"Around 7-ish, you think you can?"
An email I got yesterday evening before leaving work. I knew I "could" but was worried that I might not be in the best mindset for it. Been in the middle of some seriously painful stuff the past few weeks and all my treading water and reminding myself that, "this too shall pass" has worn me out, left me deflated and last night....like I didn't care if I did sink. Heartbroken. Just feels like I've been hit with one thing after another and just when I feel like I'm coming up for air....hit again. Tired, last night I felt so damn tired. Not tired as in I worked too hard and by body was worn out, no this is a soul and spirit crushing kind of tired that makes even feeling too much to bear.
Hate that. Hate feeling like I can't fight my way through anything. I know I will, it's not fear that has been weighing heavy on me, just kinda wishing that whoever is in control of these things would ease up on me a bit...just long enough for me to get my sea legs and feel strong enough to take on the next wave. Yeah, so it aint all Champagne and Burgundy for this wine slinger right now, last night wasn't even Pabst and Rombauer Chardonnay but, well someone needed me and something about that gave me a little blast of "Yes. Yes I can"
To the rescue....
My wee boyfriend and his wee-er brother. I was needed to babysit, something I have not really done in some 20 years and was a bit nervous about....poop, there could be poop and crying, gross.

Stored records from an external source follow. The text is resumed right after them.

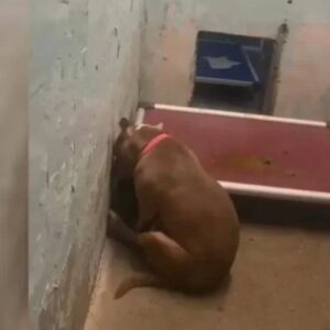 Heartbroken Pitbull Sits Facing the Wall, Too Defeated to Look at Anyone—Until Love Finds Her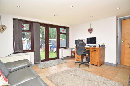 A further reception room providing dining or additional seating space, with glazed doors leading to the garden.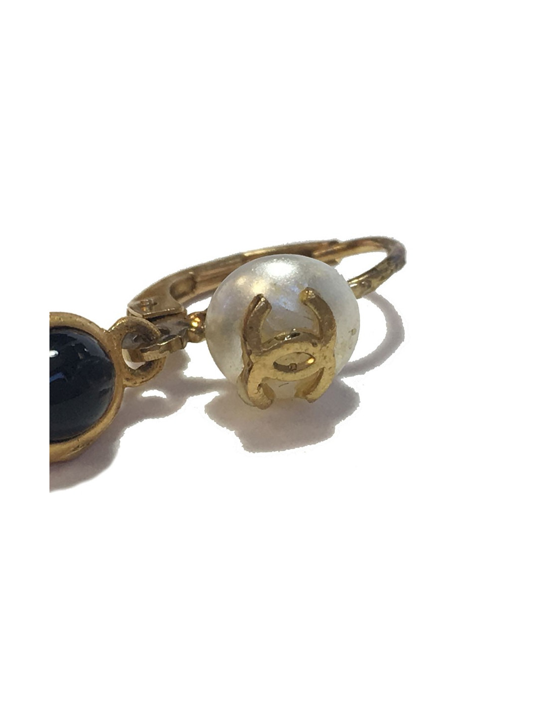 En métal couleur or mat, petite perle nacrée sur laquelle est apposé un double C doré et de la pâte de verre noire.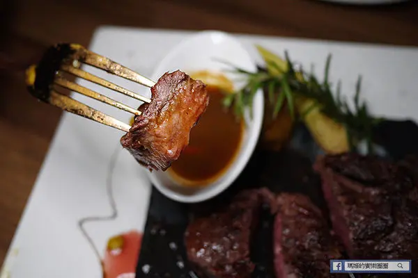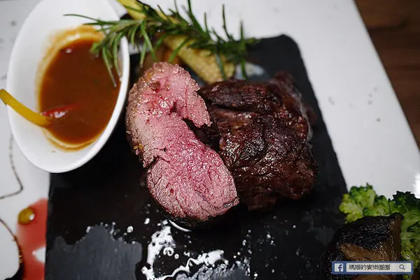菲力牛沾上以紅酒為基底的甜蔥酒汁帶有酒香和洋蔥的甜味,比起單吃可說是甜上加甜,另外若有需要也可以沾玫瑰鹽或胡椒,但我個人覺得單吃是最能吃出牛肉的風味。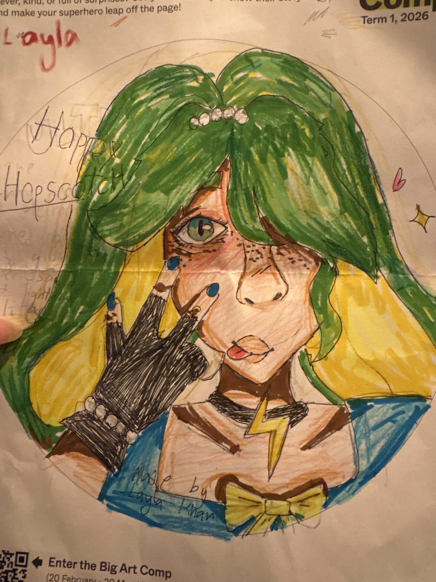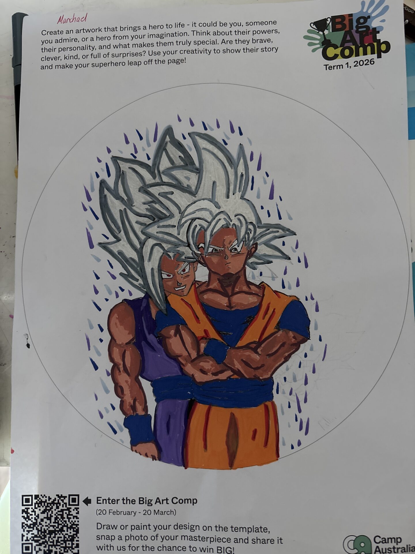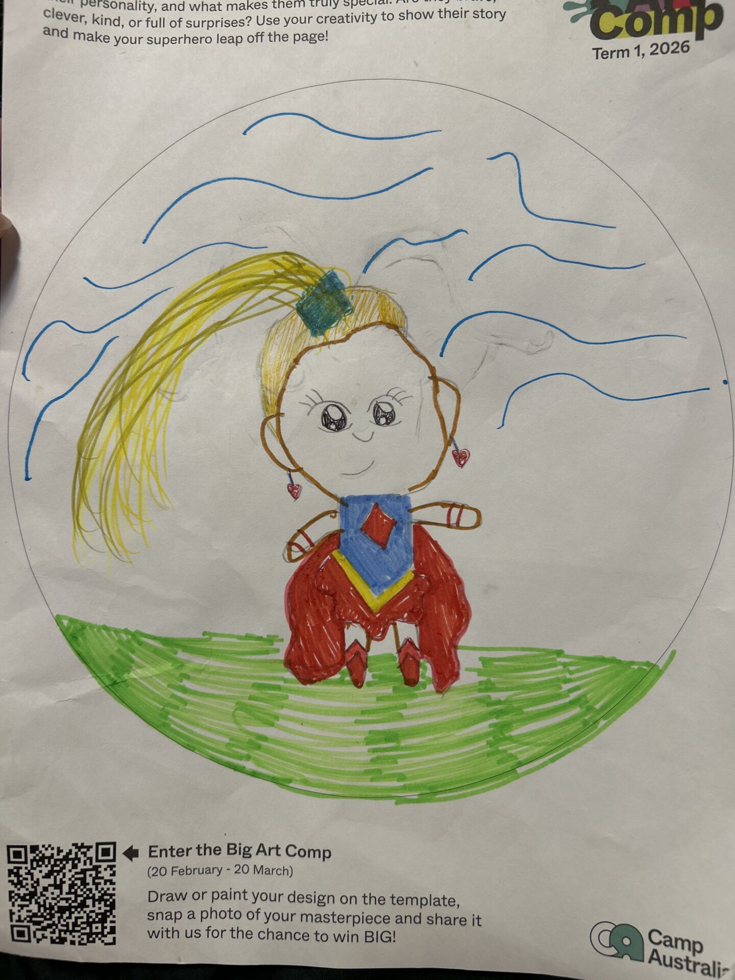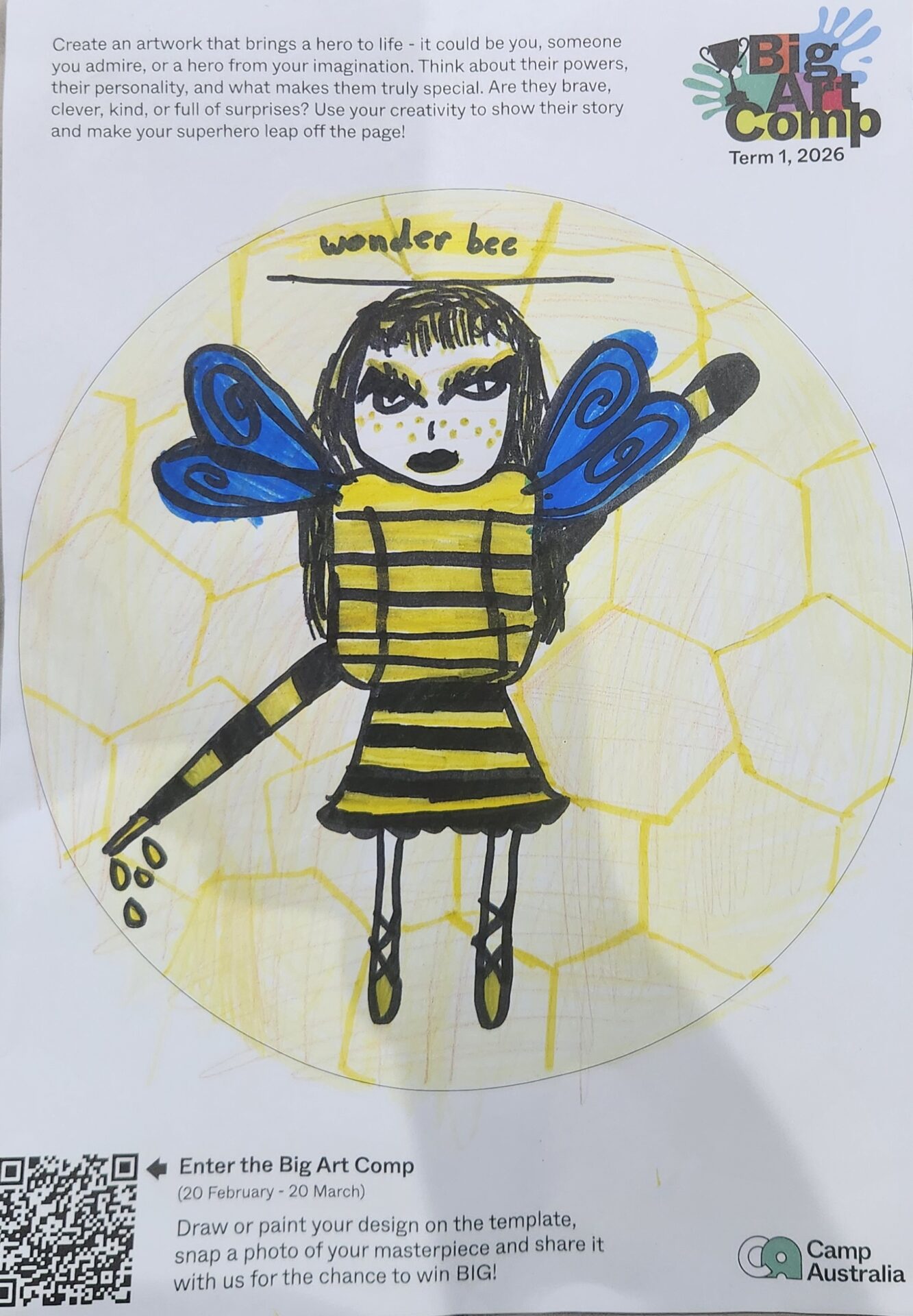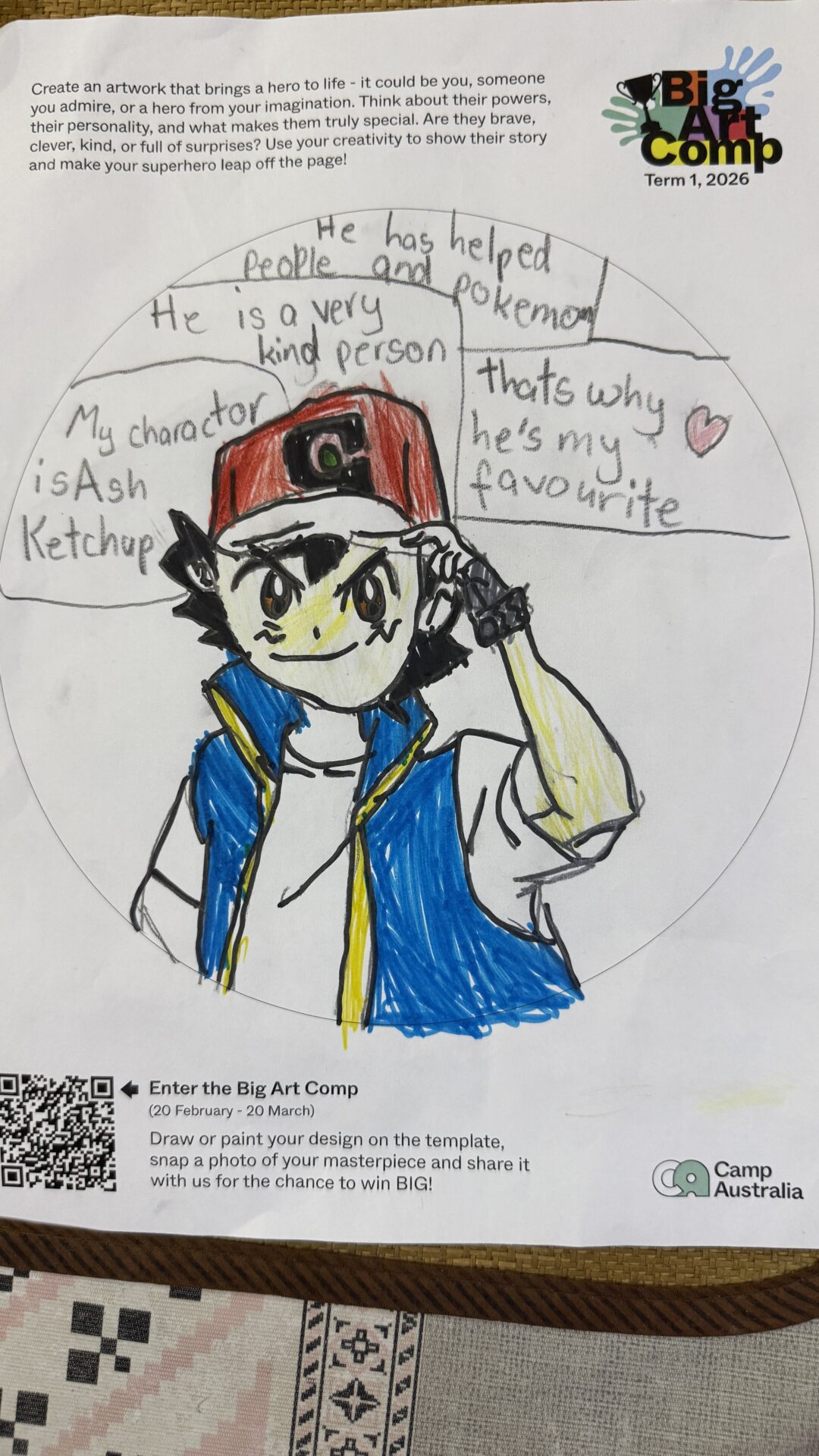 A huge thank you to all the incredible young artists who took part in our Term 1 Big Art Comp. Your superhero creations were full of imagination, energy and bold ideas – and we loved seeing what being a hero means to you.

I didn't feel like I was up to it, like I had enough "grin and bear it" but....turns out spending the night playing with trains, stuffed dogs and watching a 2 year old dance to the same song, over and over again, well it goes a long way in helping to fill a recently emptied heart.
So while not completely recovered I am getting by with a little help from my friends.
Just saw this before leaving for work this morning, another friend and much needed lovins'. Thanks Charlie.